╭─ Input records

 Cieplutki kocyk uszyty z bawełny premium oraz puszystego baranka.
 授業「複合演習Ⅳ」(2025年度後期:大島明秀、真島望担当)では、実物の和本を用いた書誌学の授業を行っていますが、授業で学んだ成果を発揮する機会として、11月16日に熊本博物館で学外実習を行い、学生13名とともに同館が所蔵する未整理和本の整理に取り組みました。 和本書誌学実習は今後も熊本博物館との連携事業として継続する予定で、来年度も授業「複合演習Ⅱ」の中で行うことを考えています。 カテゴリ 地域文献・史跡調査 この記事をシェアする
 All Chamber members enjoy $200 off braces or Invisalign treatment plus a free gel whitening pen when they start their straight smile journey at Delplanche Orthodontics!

╰─
╭─ Input records

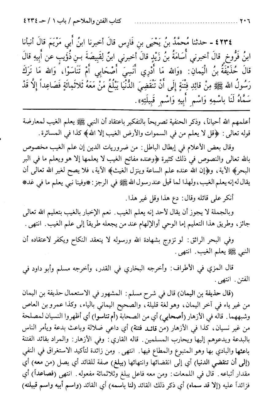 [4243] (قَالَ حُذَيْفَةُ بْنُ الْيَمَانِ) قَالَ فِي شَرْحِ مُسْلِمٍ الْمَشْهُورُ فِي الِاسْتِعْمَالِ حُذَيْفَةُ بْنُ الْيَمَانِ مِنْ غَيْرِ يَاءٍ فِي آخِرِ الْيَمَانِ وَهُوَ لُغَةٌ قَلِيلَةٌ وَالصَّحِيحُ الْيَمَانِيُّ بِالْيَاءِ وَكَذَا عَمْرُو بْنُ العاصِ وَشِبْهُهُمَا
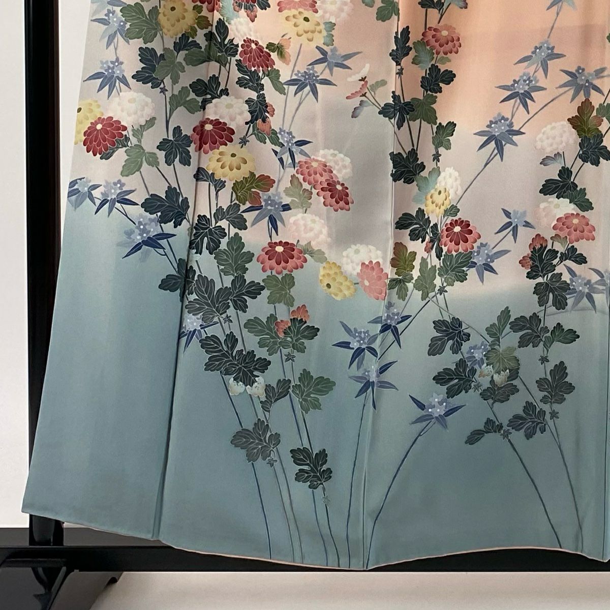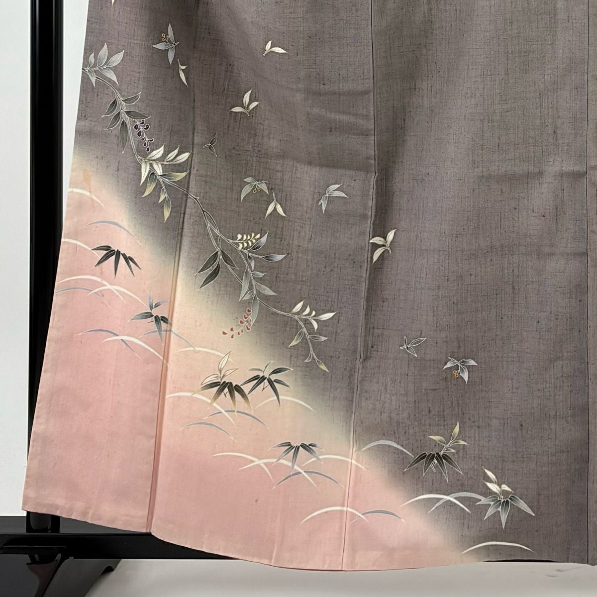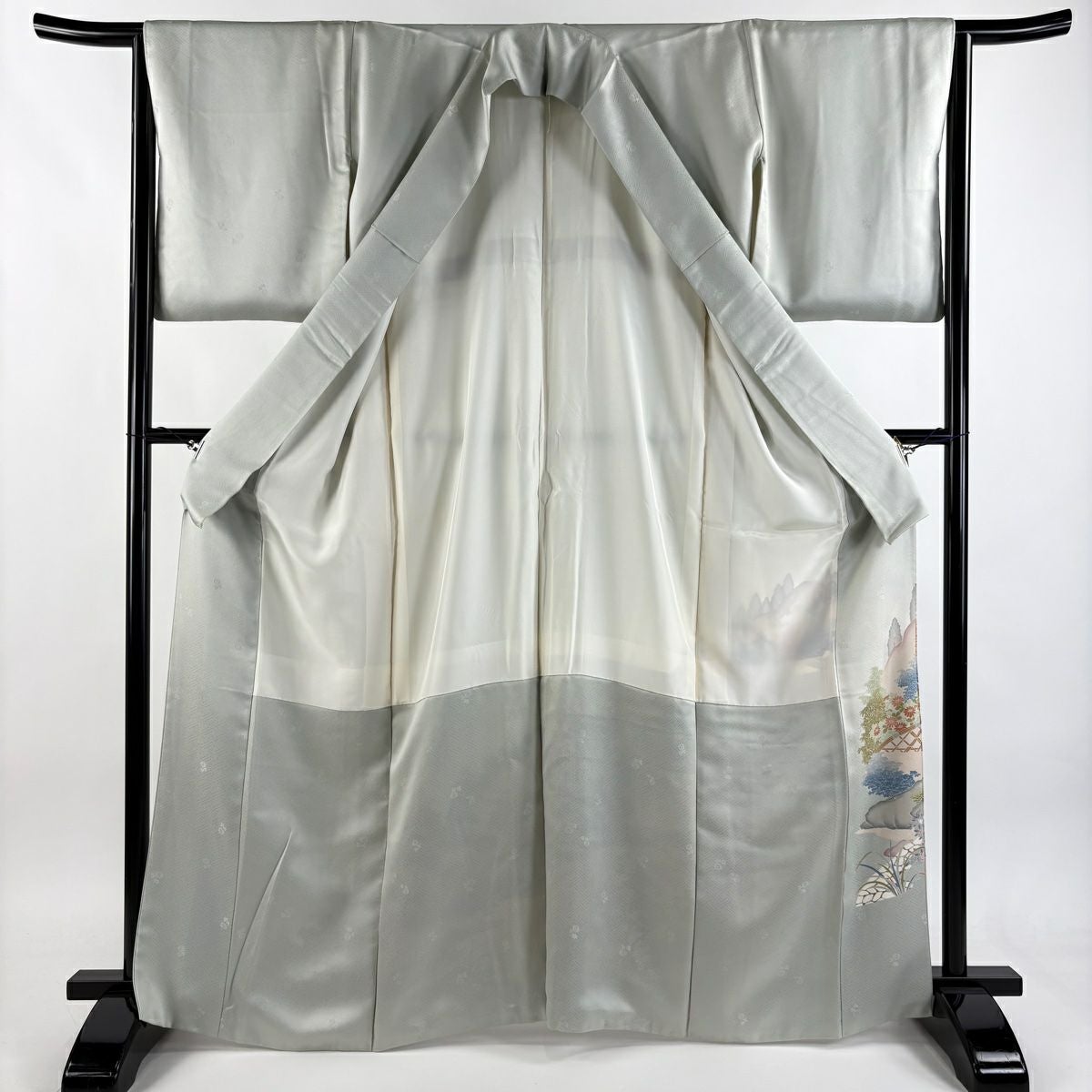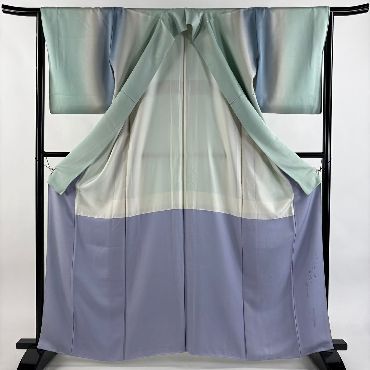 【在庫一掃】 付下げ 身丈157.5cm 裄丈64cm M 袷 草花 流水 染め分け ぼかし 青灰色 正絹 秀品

╰─
╭─ Input records

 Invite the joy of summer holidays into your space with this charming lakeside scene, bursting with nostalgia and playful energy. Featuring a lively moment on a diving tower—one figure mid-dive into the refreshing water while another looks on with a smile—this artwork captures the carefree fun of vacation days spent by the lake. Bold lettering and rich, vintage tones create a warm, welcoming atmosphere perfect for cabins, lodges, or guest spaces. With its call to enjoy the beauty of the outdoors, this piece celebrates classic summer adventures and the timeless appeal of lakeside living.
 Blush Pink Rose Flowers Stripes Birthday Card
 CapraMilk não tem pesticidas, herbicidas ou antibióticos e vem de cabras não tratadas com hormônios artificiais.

╰─

Find every line in the records that has the string "smile", then state how many there are and nothing else.

2